◆ **GOAL OF THE EXERCISE**: Would you transcribe the lines running from the one that holds "Water hose, Signage, Brand" to the last line of the records? Leave every picture out.

◆ **Saved data entries**:
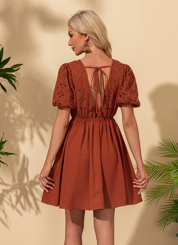 - Détails Décoratifs : Magnifique broderie anglaise sur le buste et les manches courtes.
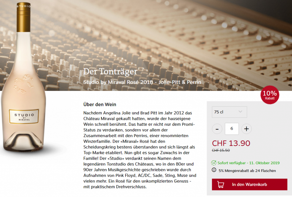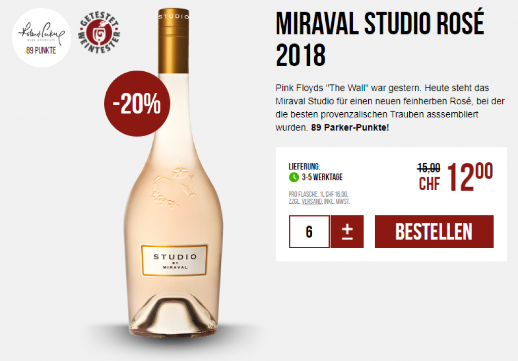 Der Miraval Studio Rosé 2018 kostet dort CHF 12.- und bei flaschenpost.ch CHF 13.90.
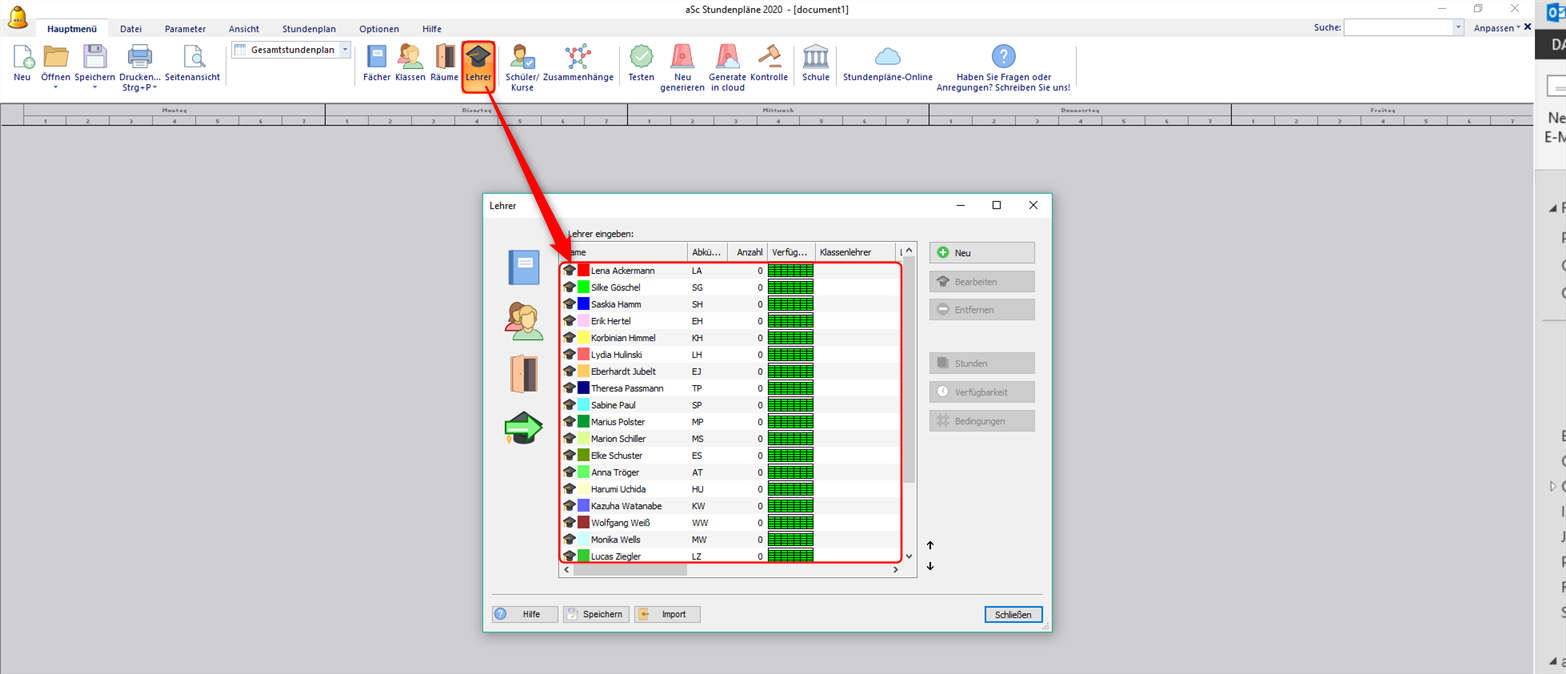 5. Wenn Sie im Hauptmenü jetzt auf das Feld Lehrer klicken, sind nun Ihre importierten Daten eingefügt.
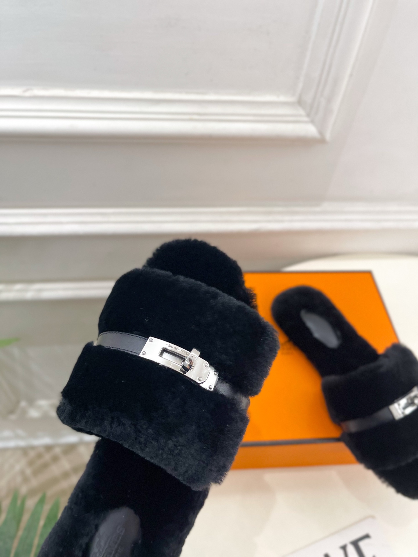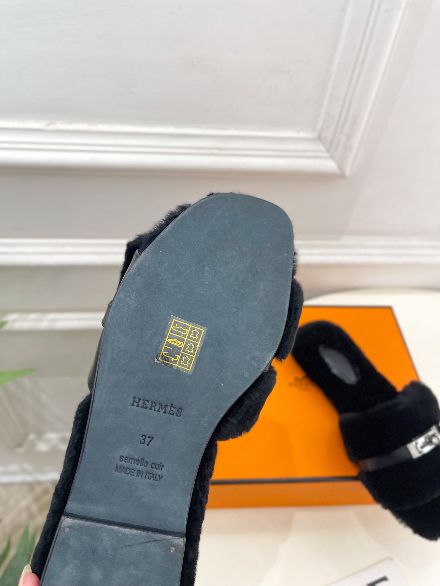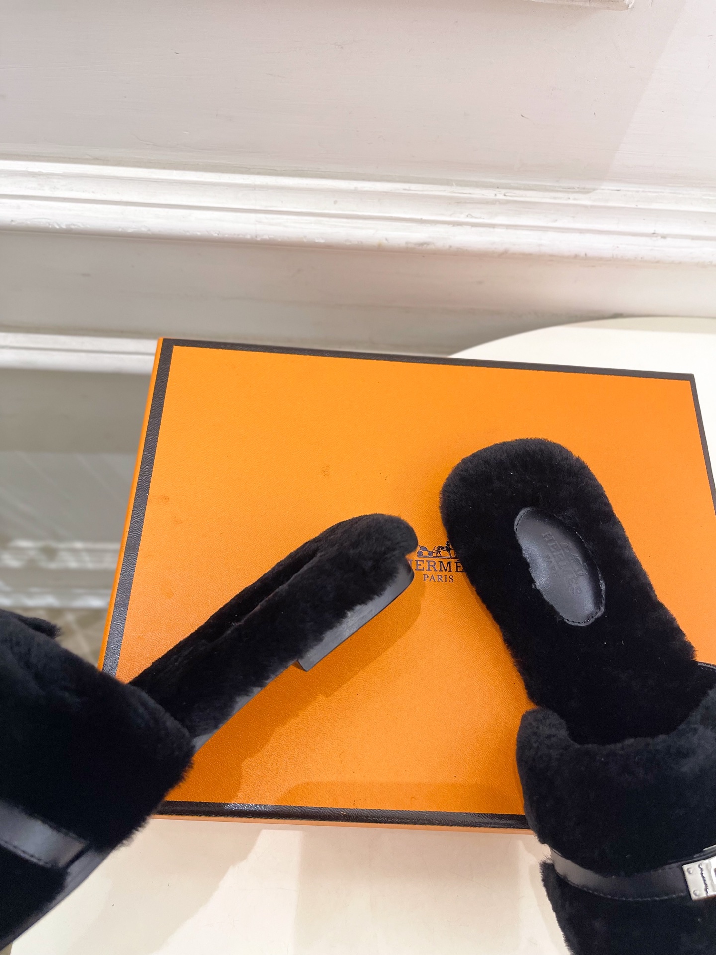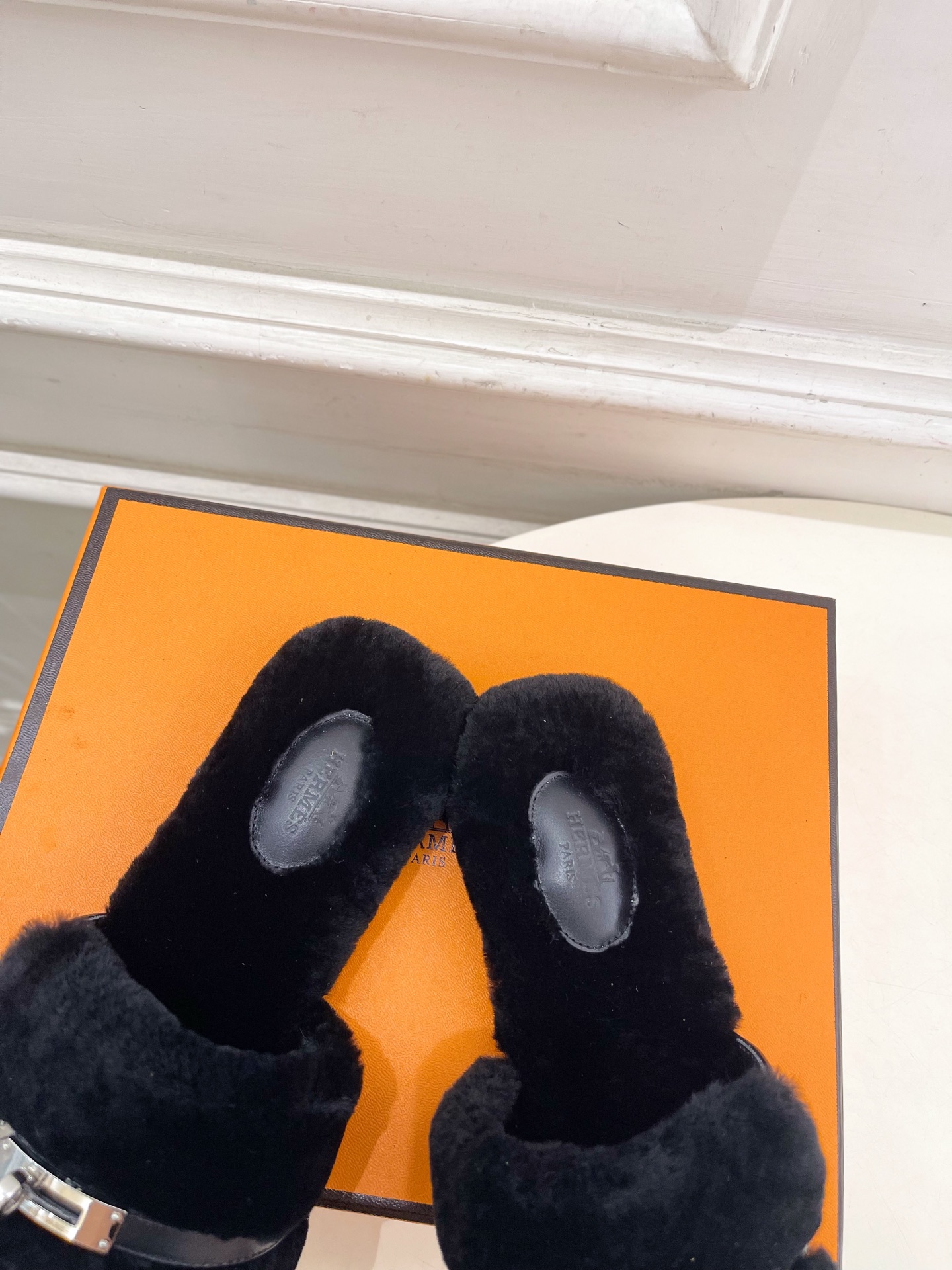 エレガントな HERMES フェイクファー フラットサンダル 黒 37サイズ 素材: フェイクファー・レザー 靴底にゴールドロゴ イタリア製 🐎
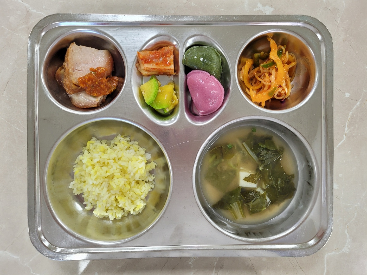 2024년8월29일 (목) 식단: 강황쌀밥, 아욱국, 족발/쌈장, 비빔뽈면, 애호박나물, 배추김치, 바람떡
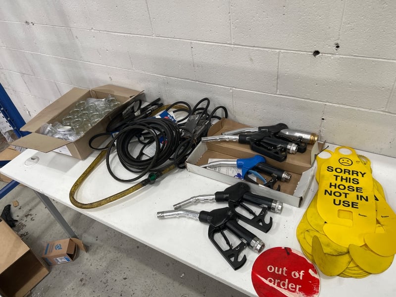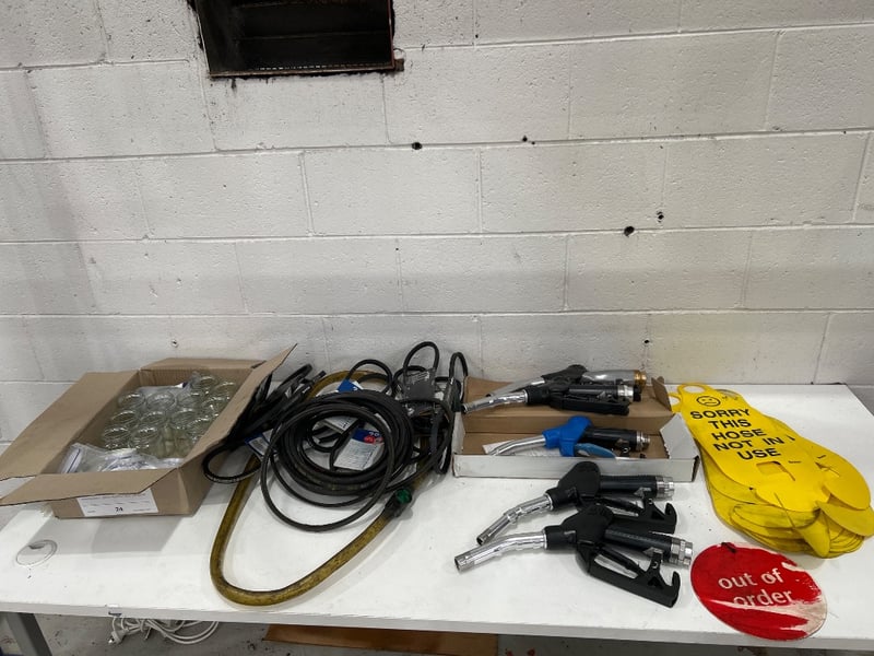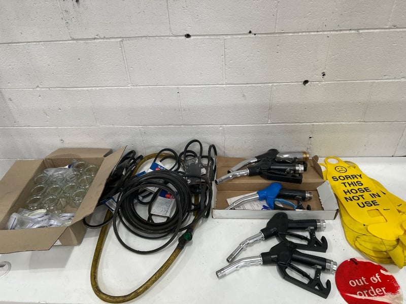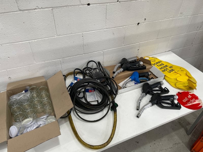 Water hose, Signage, Brand new bowser pumps, glass jars, rubber belts
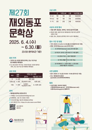 재외동포청은 내달 4∼30일 재외동포 포털사이트 '코리안넷'(korean.net)을 통해 올해 27회를 맞는 문학상을 접수한다고 30일 밝혔다.
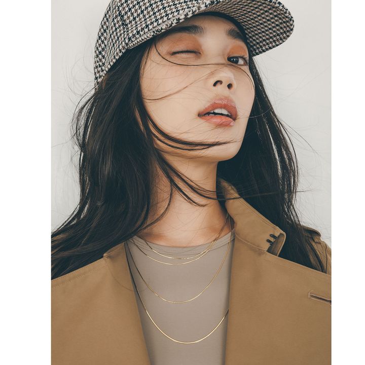 コンサバ服に合わせるなら顔まわりが華やぐ耳元より、洗練された印象を与えるチェーンネックレスを。ミニマルな存在感が今っぽい。上3連ネックレス〈YG〉¥66,000下ロングネックレス〈YG〉¥60,500(ともにココシュニック)キャップ¥18,700(マサカズ フルサワ/UTS PR)コート¥110,000(ハイク/ボウルズ)ワンピース¥19,800(エミ/エミ ニュウマン新宿店)

◆ **ANSWER TO THE EXERCISE**:
 Water hose, Signage, Brand new bowser pumps, glass jars, rubber belts
 재외동포청은 내달 4∼30일 재외동포 포털사이트 '코리안넷'(korean.net)을 통해 올해 27회를 맞는 문학상을 접수한다고 30일 밝혔다.
 コンサバ服に合わせるなら顔まわりが華やぐ耳元より、洗練された印象を与えるチェーンネックレスを。ミニマルな存在感が今っぽい。上3連ネックレス〈YG〉¥66,000下ロングネックレス〈YG〉¥60,500(ともにココシュニック)キャップ¥18,700(マサカズ フルサワ/UTS PR)コート¥110,000(ハイク/ボウルズ)ワンピース¥19,800(エミ/エミ ニュウマン新宿店)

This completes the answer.